A third option for our PIA tool is deploying it as a SaaS application in a public cloud. This infrastructure is made available to the general public or a large industry group and is owned by an organisation or cloud provider that sells cloud services [30]. Again, in a public cloud, there is no purchase of physical infrastructure, and the organisation (i.e. client) can use the services on a pay-for-use basis (e.g. on-demand self-service) with maximum elasticity. However, using this option for our PIA tool in the public cloud can lead to several disadvantages and issues for the organisation including low visibility, control, and trust. For example, our PIA tool collects information (i.e. contact information such as name, e-mail, and telephone numbers) and produces results and reports that organisations may regard as sensitive data or may regard their exposure as a high risk to the organisation.

This is because the cloud provider takes responsibility for the software and services. Furthermore, governance and policy enforcement is still emerging in public clouds, and from a security perspective, multi-tenancy provides added complexity [31, 32].

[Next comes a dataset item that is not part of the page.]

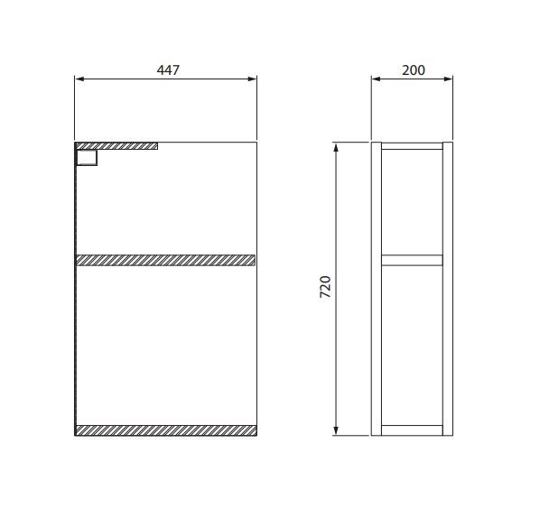 Otevřený modul pod nábytkovou desku s policí, díky kterému získáme další prostor pro dekorace nebo koupelnové doplňky. Korpus je vyroben z laminované dřevotřískové desky v barvě dub.

A fourth option is to deploy our PIA tool in a hybrid cloud. A hybrid cloud is the composition of two or more clouds (e.g. private, community, or public) that remain unique entities but are bound together by standardised or proprietary technology that enables data and application portability such as the use of cloud bursting for load balancing between the clouds [29]. In this scenario, the sensitive data collected by our PIA tool is stored on its own private servers in a private cloud behind a firewall away from the Internet. Therefore, published PIA results and reports that are then ported to the public cloud for customers would not contain sensitive information. Thus, our PIA tool would use public clouds for less sensitive tasks such as the PIA questionnaires but use a private cloud for vital processing tasks. However, like all cloud deployment models, the hybrid cloud has advantages and disadvantages, as illustrated in Table 3.5 [31, 32].

Table 3.5 Advantages/disadvantages of hybrid cloud

A public cloud deployment introduces a third party that may lead to several disadvantages and issues including low visibility, control, security, privacy, and trust, as discussed in Chap.1.

Another consideration is the network bandwidth constraints and cost. For example, if a decision is made to move some of our PIA tool’s infrastructure to a public cloud, disruption in the network connectivity between our tool’s clients and the cloud service may affect the availability of our cloud hosted PIA tool. Moreover, on a low bandwidth network, there is a possibility that the interaction between our PIA tool and its customers (i.e. users) may also be affected.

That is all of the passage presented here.